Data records
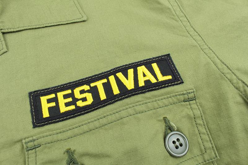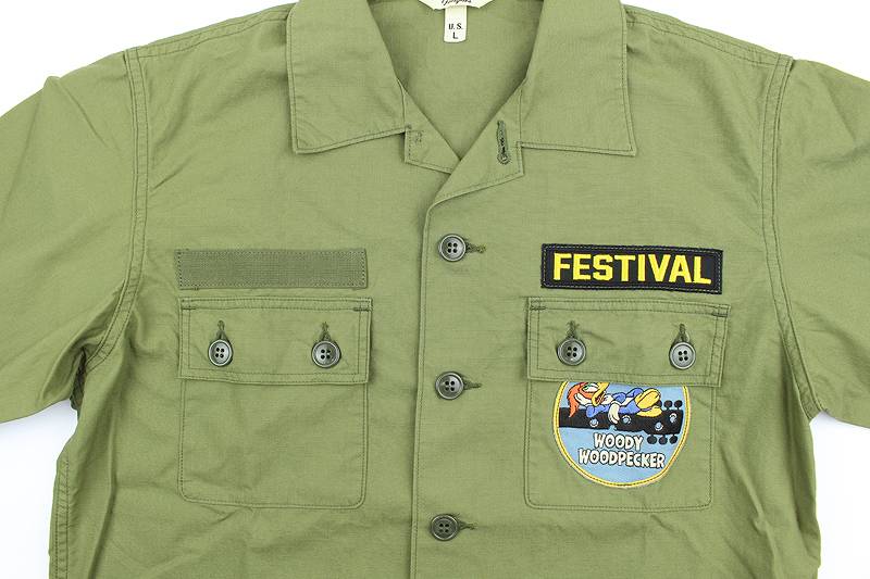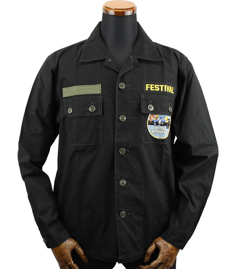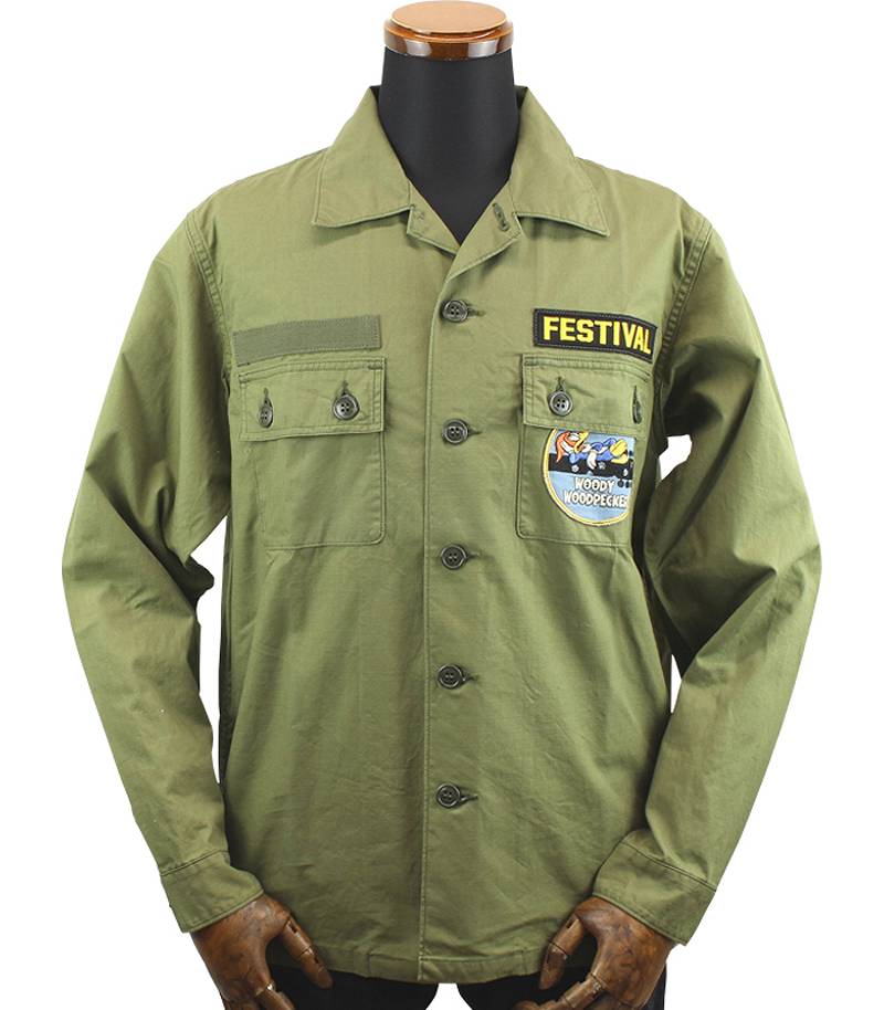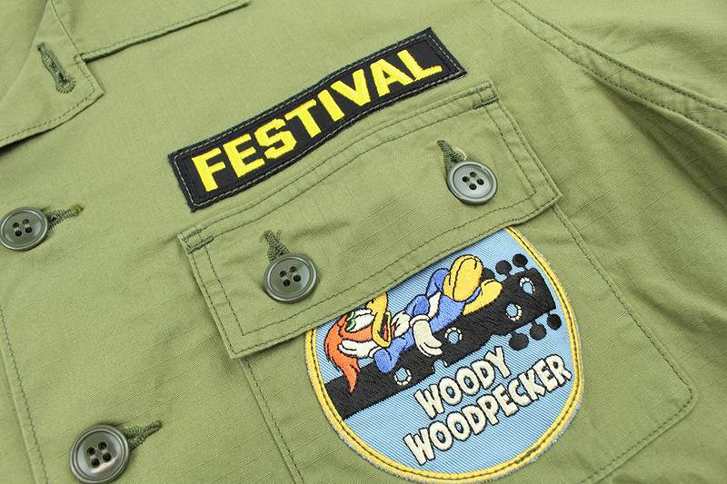 Custom shirt based on a civilian type U.S. military utility shirt. The main character chosen is Woody Woodpecker, a toon character created by Walter Lantz. The inspiration was the legendary Woodstock Festival concert held in Sullivan, NY in 1969.
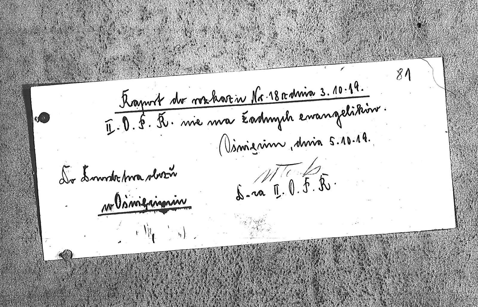 Tytuł Raport do rozkazu nr.18 z dnia 3 października 1919r.
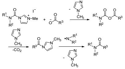 反应机理如Scheme 7:胺甲酰咪唑盐和羧酸阴离子反应释放出N-甲基咪唑, 生成酸酐, 接着N-甲基咪唑进攻酸酐, 释放出二氧化碳和游离胺的同时, 生成烷基酰咪唑, 再和游离胺的反应生成最后产物酰胺.
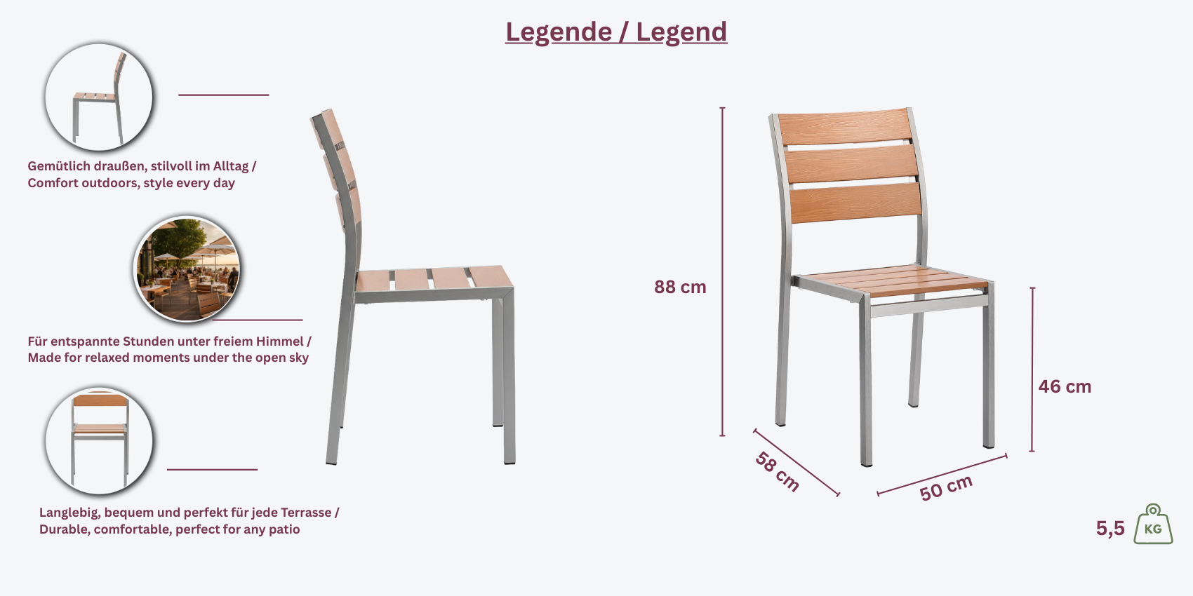 - Sitzfläche: Polywood-Lattung in Teakoptik.
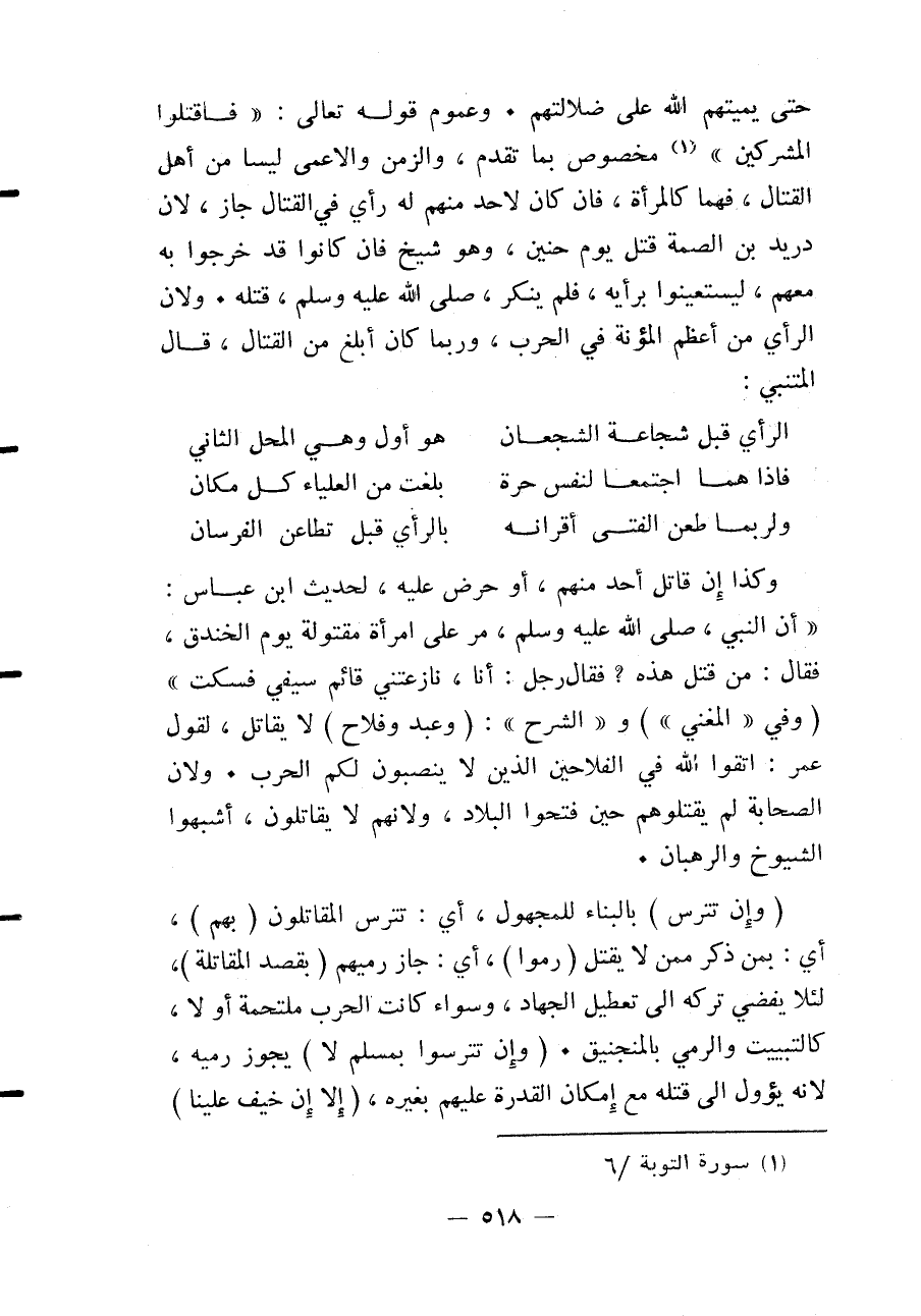 حَتَّى يُمِيتَهُمْ اللَّهُ عَلَى ضَلَالَتِهِمْ وَعُمُومُ قَوْله تَعَالَى: {فَاقْتُلُوا الْمُشْرِكِينَ} [التوبة: 5] مَخْصُوصٌ بِمَا تَقَدَّمَ، وَالزَّمِنُ وَالْأَعْمَى لَيْسَا مِنْ أَهْلِ الْقِتَالِ، فَهُمَا كَالْمَرْأَةِ، فَإِنْ كَانَ لِأَحَدٍ مِنْهُمْ لَهُ رَأْيٌ فِي الْقِتَالِ جَازَ، «لِأَنَّ دُرَيْدَ بْنَ الصِّمَّةِ قُتِلَ يَوْمَ حُنَيْنٌ وَهُوَ شَيْخٌ فَانٍ كَانُوا قَدْ خَرَجُوا بِهِ مَعَهُمْ، لِيَسْتَعِينُوا بِرَأْيِهِ، فَلَمْ يُنْكِرْ - صَلَّى اللَّهُ عَلَيْهِ وَسَلَّمَ - قَتْلَهُ.» وَلِأَنَّ الرَّأْيَ مِنْ أَعْظَمِ الْمُؤْنَةِ فِي الْحَرْبِ، وَرُبَّمَا كَانَ أَبْلَغَ مِنْ الْقِتَالِ، قَالَ الْمُتَنَبِّي:
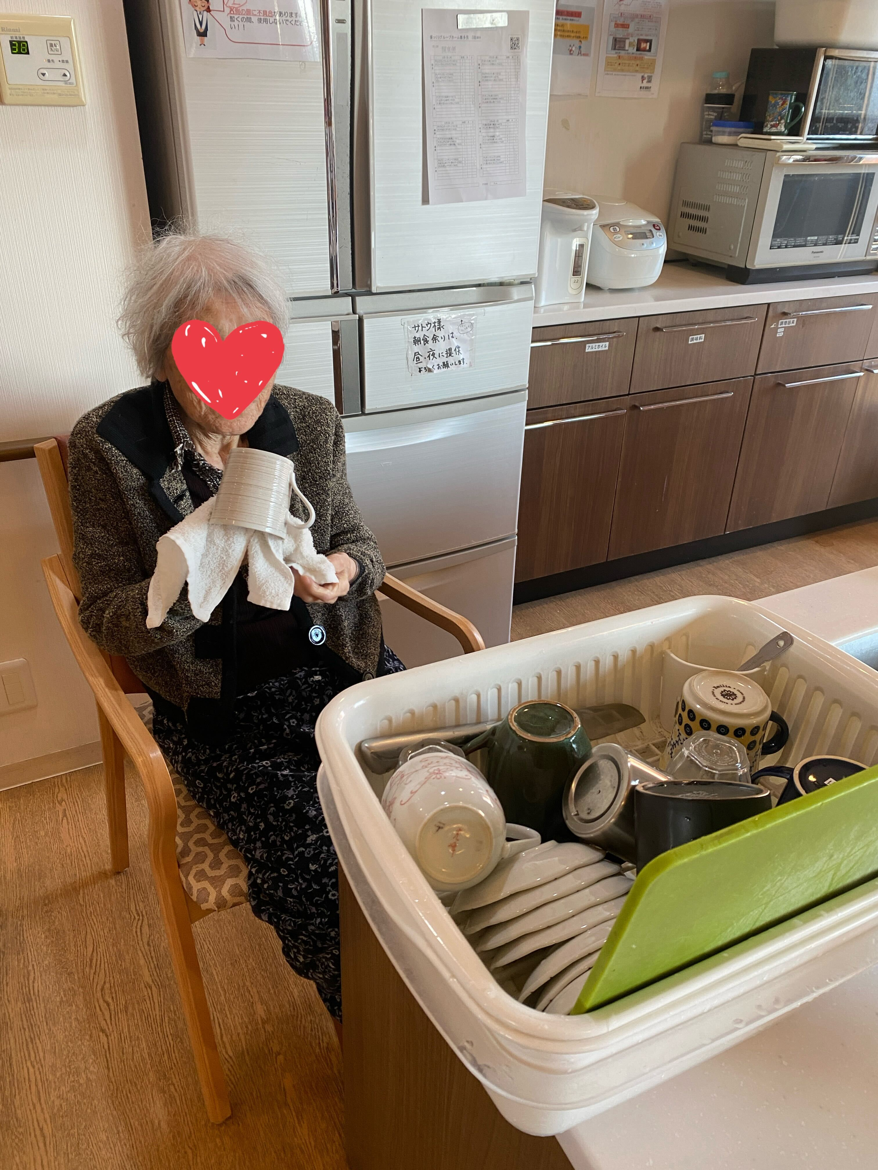「私暇だから、使ってもいいよ。何か手伝うことがありますか」と職員に話しかけられましたので、洗っている食器を拭いてくれませんかと言うと「いいわよ、やるよ」とお答えになりました。
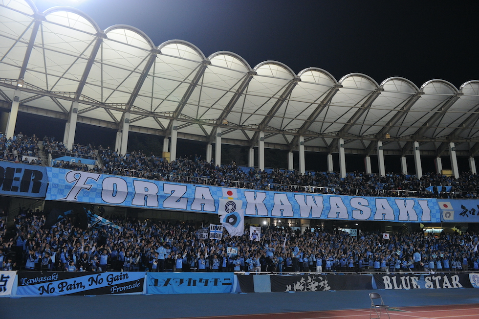 La curva dei tifosi del Kawasaki Frontale (Masashi Hara/Getty Images)
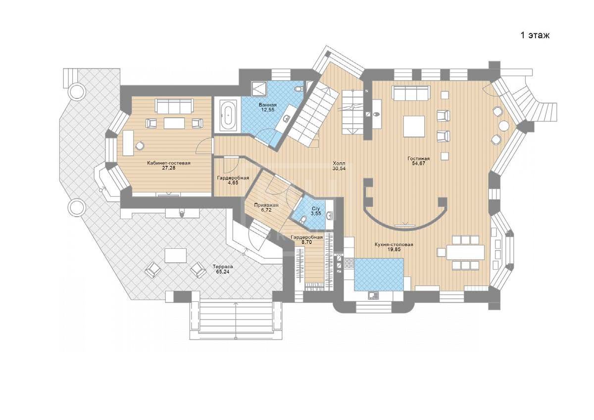 Этаж 1: прихожая, гардеробная, гостиная с камином и выходом на террасу, кухня-столовая, кабинет-гостевая, ванная комната.
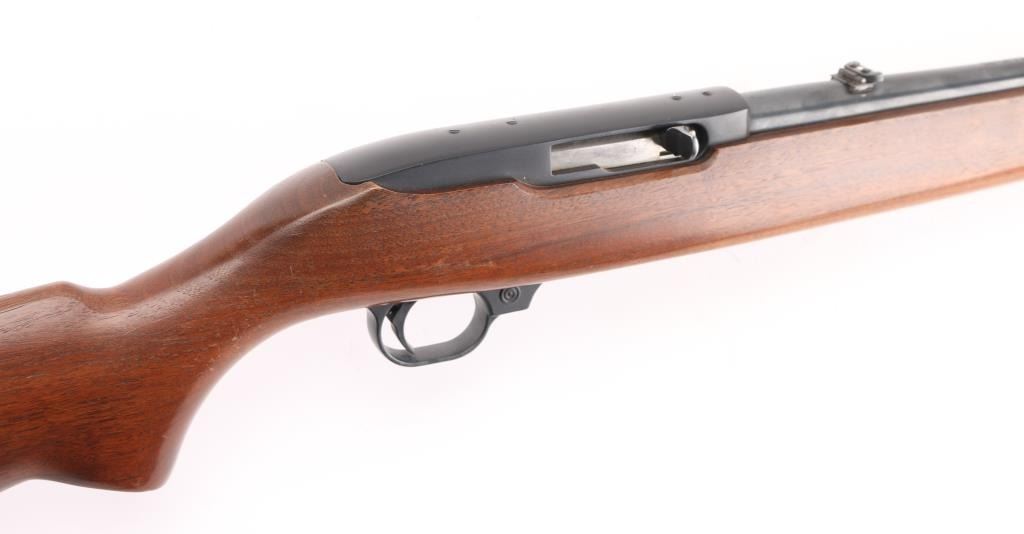 American made semi-automatic carbine, blued finish, approximately 18 5/8" barrel, bore is very good, blade/brass bead front sight, flip-up open notch rear sight, drilled/tapped receiver, smooth trigger, smooth wood stock with a pistol grip, minor scratches. Blue/matte black is 99%. No rotary magazine. NRA Condition-Near Excellent. Modern Firearm.
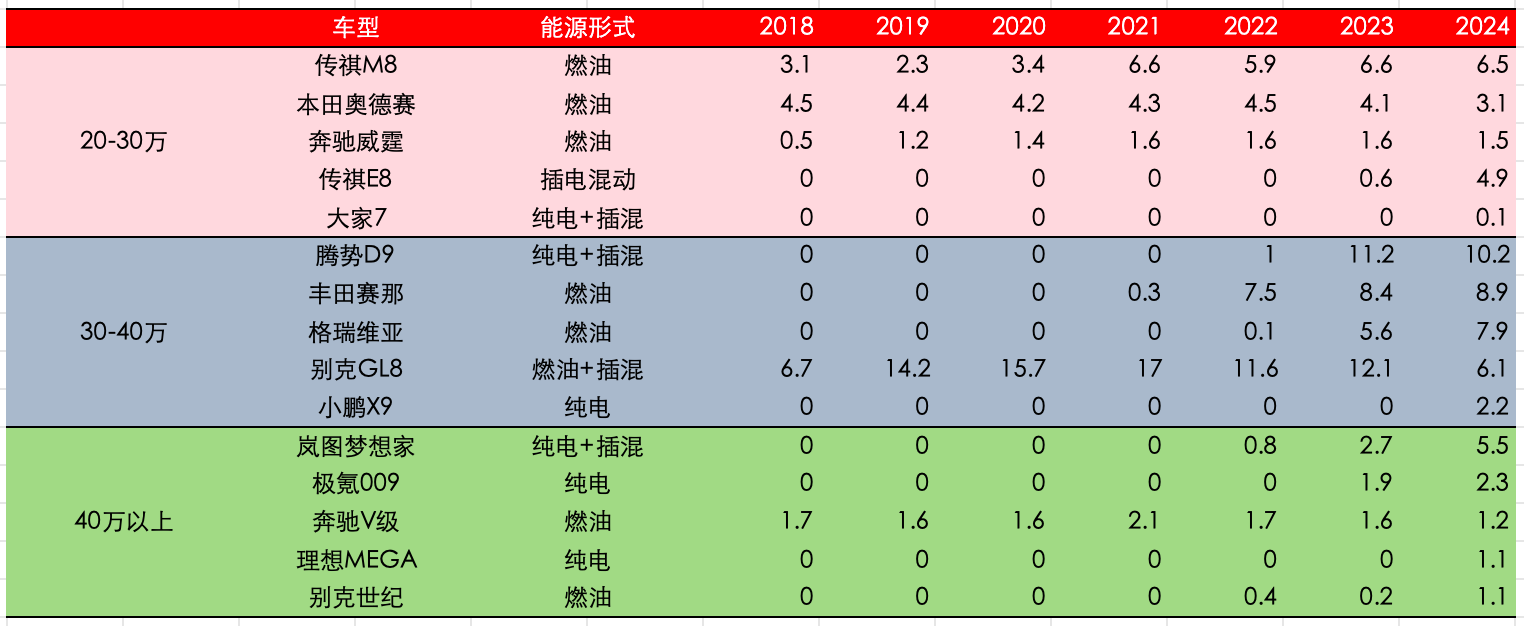直到行业转型的战火烧到这里,为了应对腾势D9的攻势,别克带来世纪、推出PHEV版GL8,传祺也推出了M8的混动版和插混的E8,其中后者2024年卖出4.9万辆。

__About this task__
Please write the data out again exactly, but do not carry over the pictures.

__Solution to the problem__
 Custom shirt based on a civilian type U.S. military utility shirt. The main character chosen is Woody Woodpecker, a toon character created by Walter Lantz. The inspiration was the legendary Woodstock Festival concert held in Sullivan, NY in 1969.
 Tytuł Raport do rozkazu nr.18 z dnia 3 października 1919r.
 反应机理如Scheme 7:胺甲酰咪唑盐和羧酸阴离子反应释放出N-甲基咪唑, 生成酸酐, 接着N-甲基咪唑进攻酸酐, 释放出二氧化碳和游离胺的同时, 生成烷基酰咪唑, 再和游离胺的反应生成最后产物酰胺.
 - Sitzfläche: Polywood-Lattung in Teakoptik.
 حَتَّى يُمِيتَهُمْ اللَّهُ عَلَى ضَلَالَتِهِمْ وَعُمُومُ قَوْله تَعَالَى: {فَاقْتُلُوا الْمُشْرِكِينَ} [التوبة: 5] مَخْصُوصٌ بِمَا تَقَدَّمَ، وَالزَّمِنُ وَالْأَعْمَى لَيْسَا مِنْ أَهْلِ الْقِتَالِ، فَهُمَا كَالْمَرْأَةِ، فَإِنْ كَانَ لِأَحَدٍ مِنْهُمْ لَهُ رَأْيٌ فِي الْقِتَالِ جَازَ، «لِأَنَّ دُرَيْدَ بْنَ الصِّمَّةِ قُتِلَ يَوْمَ حُنَيْنٌ وَهُوَ شَيْخٌ فَانٍ كَانُوا قَدْ خَرَجُوا بِهِ مَعَهُمْ، لِيَسْتَعِينُوا بِرَأْيِهِ، فَلَمْ يُنْكِرْ - صَلَّى اللَّهُ عَلَيْهِ وَسَلَّمَ - قَتْلَهُ.» وَلِأَنَّ الرَّأْيَ مِنْ أَعْظَمِ الْمُؤْنَةِ فِي الْحَرْبِ، وَرُبَّمَا كَانَ أَبْلَغَ مِنْ الْقِتَالِ، قَالَ الْمُتَنَبِّي:
「私暇だから、使ってもいいよ。何か手伝うことがありますか」と職員に話しかけられましたので、洗っている食器を拭いてくれませんかと言うと「いいわよ、やるよ」とお答えになりました。
 La curva dei tifosi del Kawasaki Frontale (Masashi Hara/Getty Images)
 Этаж 1: прихожая, гардеробная, гостиная с камином и выходом на террасу, кухня-столовая, кабинет-гостевая, ванная комната.
 American made semi-automatic carbine, blued finish, approximately 18 5/8" barrel, bore is very good, blade/brass bead front sight, flip-up open notch rear sight, drilled/tapped receiver, smooth trigger, smooth wood stock with a pistol grip, minor scratches. Blue/matte black is 99%. No rotary magazine. NRA Condition-Near Excellent. Modern Firearm.
直到行业转型的战火烧到这里,为了应对腾势D9的攻势,别克带来世纪、推出PHEV版GL8,传祺也推出了M8的混动版和插混的E8,其中后者2024年卖出4.9万辆。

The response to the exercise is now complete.